Background: Michael was the data scientist for the team, Jesse has a background in environmental science and GIS, and Glen has a background in process engineering in the field of oil and gas and has a keen interest in data science.

Approach: Interpretable machine learning models for mineral exploration using geochemistry, geophysics and surface geology.

Winning first prize gives our team the confidence in our data science abilities and cements our passion to shake up mineral exploration. We definitely plan to keep chipping away at this problem - we’ve barely scratched the surface of the value we could potentially get out of the data."

2nd Prize (A$200,000): DeepSightX - Dong Gong, Javen Qinfeng Shi, Zifeng Wu, Hao Zhang, Ehsan Abbasnejad, Lingqiao Liu, Anton van den Hengel, Karl Hornlund, and John Alexander Anderson.

DeepSightX

Background: The DeepSightX team exploited multi-disciplinary skills at the intersection of artificial intelligence and geoscience. Researchers from the Australian Institute for Machine Learning (AIML) and the Institute of Minerals and Energy Resources (IMER) - both hosted by the University of Adelaide – collaborated with industry experts in minerals exploration (Austrike Resources) and geoscientific modelling (Gondwana Geoscience).

Approach: DeepSightX used a multidisciplinary approach to generate an AI model, DeepSight, which provides promising exploration targets in the Prominent Hill Region (PHR) supported by best practice geoscience.

The next step is to seek supports from all levels of the university, build capability, and start commercialisation process. We have a few ideas. We will consider all options and develop a holistic strategic plan for the future. The competition is a prelude for DeepSightX, and we look forward to the exciting journey ahead.
Team Cyency

3rd Prize (A$100,000): Cyency - Hugh Sanderson, Derek Carter, and Chris Green.

Background: Cyency has a strong data science and geoscience background. Hugh has been practising deep learning for several years, Derek has been involved with the technical and software side of mining for over 10 years, and Chris is an experienced geologist who is always looking for innovative ways of doing things.

Approach: "With so much data, it was difficult to know where to start, so we started with what we knew - the results from the Data Science Stream. We had a set of models that we knew were pretty good at predicting mineralisation across Australia, so we ran them over the tenement...we applied several data science techniques to estimate a set of candidate points, and then selected the 10 best of these."

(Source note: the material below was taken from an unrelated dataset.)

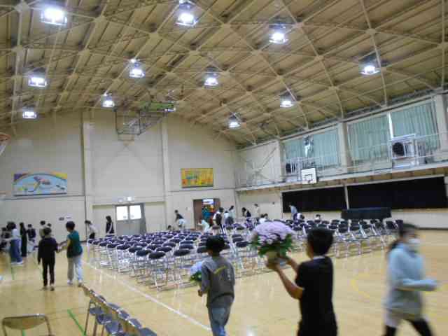今日は1年生が朝から登校してきました。 教室での学習が始まります。 6年生は入学式の会場を通常の体育館に復旧してくれました。 六砂の靴箱です。「くつならべ」がしっかりできる六砂です。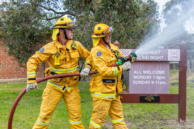 Water On! Firefighters finish the simulation successfully extinguishing the fire that was meant to be in a house.

Prize money will be put straight towards developing a business in the mining/geology/artificial intelligence/machine learning space. There are so many interesting problems and the technology has opened up a greenfield, and Australia looks well placed to take advantage of it."

Student Team Prize (A$50,000): deCODES - Christopher Leslie, Matthew Cracknell, Angela Escolme, Shawn Hood, and Ayesha Ahmed.

deCODES

Background: deCODES is a team of early career researchers from CODES, University of Tasmania, including three PhD students, and two postdoctoral research fellows who gained their PhD degrees at CODES. The team represents a varied skillset, spanning economic geology and mineral exploration, geophysics, data science, geochemistry and geometallurgy.

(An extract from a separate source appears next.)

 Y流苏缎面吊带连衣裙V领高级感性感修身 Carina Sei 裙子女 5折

Approach: Our approach was driven by considering an Iron Oxide Copper Gold (IOCG) metallogenic model, and then striving to produce digital proxies for all aspects of that model. Our prospectivity layers were created using a mix of manual and traditional data handling methods as well as basic machine learning approaches.

We are hungry to tackle exploration problems like this full time. We look forward to refining and applying components of the workflow we have developed as part of the Explorer Challenge in our respective resource exploration endeavours.
Team OreFox

Genius Prize (A$25,000): Team OreFox - Warwick Anderson, Sheree Burdinat, Kudzai Dube, Amy Leask, Alan Ryou Pearse, Ashleigh Smyth, and Nick Josephs.

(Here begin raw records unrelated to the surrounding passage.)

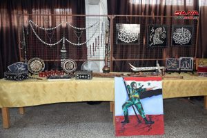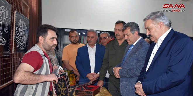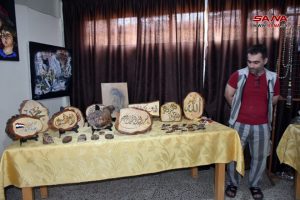 ضم المعرض الفني والتراثي الذي أقامه سجن حماة المركزي اليوم لنزلائه أعمالاً ومشغولات للخرز والخيزران ولوحات فنية ومقتنيات ومجسمات يدوية وتراثية.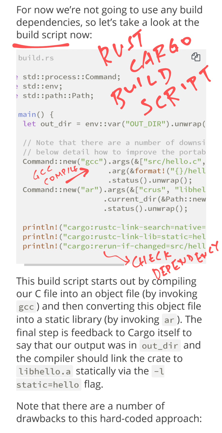 #RustLang "cargo" Build Script can call GCC to compile C code ... Maybe we use this instead of "make" to build #BL602 IoT SDK on Windows? 🤔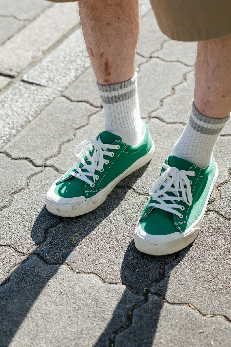 ▶︎伊藤さんのスナップをすべて見る伊藤光洋さん(45歳)お次は、鮮やかなグリーンのローテクスニーカーが際立つ装い。枯れ感のあるベージュやグレーといった曖昧色でまとめたコーディネイトに、フレッシュな新緑的イメージを加えた。
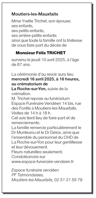 Décédé à La Roche-sur-Yon (85000, France) le jeudi 10 avril 2025 à l'âge de 87 ans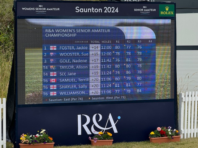 The R&A Women's British senior amateur championships was held at Saunton Sands over 4 days. Jane Sly, who qualified 57th in the women's competition was tied 1st after day 1 in testing conditions. Day 2 was a challenging day with 25mph winds and brutal rough on the East course, Jane slipped to 12th on the leader board but made the first cut of 20 quite comfortably. Day 3 saw Jane improve her position to 4th and made the Final Cut to 20. After the 4th round, Jane finished 10th in a highly competitive field from across the world most of whom were international players with plus handicaps.
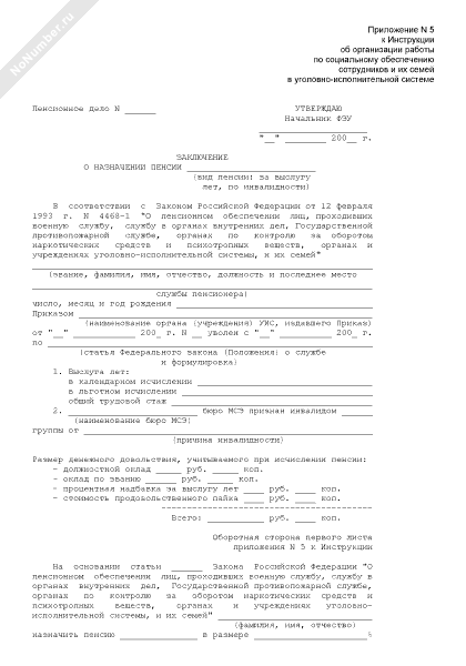 - 117Заключение о назначении пенсии за выслугу лет, по инвалидности сотруднику уголовно-исполнительной системы

Background: OreFox is the brainchild of two exploration geologists, Warwick Anderson and Sheree Burdinat. They built up a team of experts with backgrounds in geophysics, data science, statistics, geology and prospecting to tackle the Explorer Challenge.

Approach: OreFox used its proprietary artificial intelligence systems to analyse the data supplied by OZ Minerals as well as open source data obtained through Geoscience Australia and the SARIG database. They compiled data stacks of geochemistry, gravity, magnetics and radiometrics, then allowed their Prospector AI and Hunter AI systems to evaluate the most prospective regions within the OZ Minerals tenement areas. They also utilised our Target AI to eliminate potential targets further and refine their suggestions.

Winning this prize proves that out-of-the-box methods, while scary and unknown, can actually produce incredible results. OreFox is the commercialisation of research undertaken by our METS company Quantum Geology. With four paying customers now on board we are just getting started in our mining revolution. Future plans are to expand into Western Australia and then take the company global."
Avant Data Solutions

Insights Prize (A$25,000): Avant Data Solutions - Zhen Wang, Andrew Vinciguerra, and Christiaan.

Background: Avant's multidisciplinary team consists of Andrew and Zhen on data science and programming and Christiaan on geological domain expertise.

Approach: The team took a heavily data driven approach with verification and interpretation using geology. The challenge was tackled by first analysing and exploring the data in detail and finding what data might be overlooked. Geophysical spatial data and the geochemistry of the region and drill holes were considered in detail in their methods.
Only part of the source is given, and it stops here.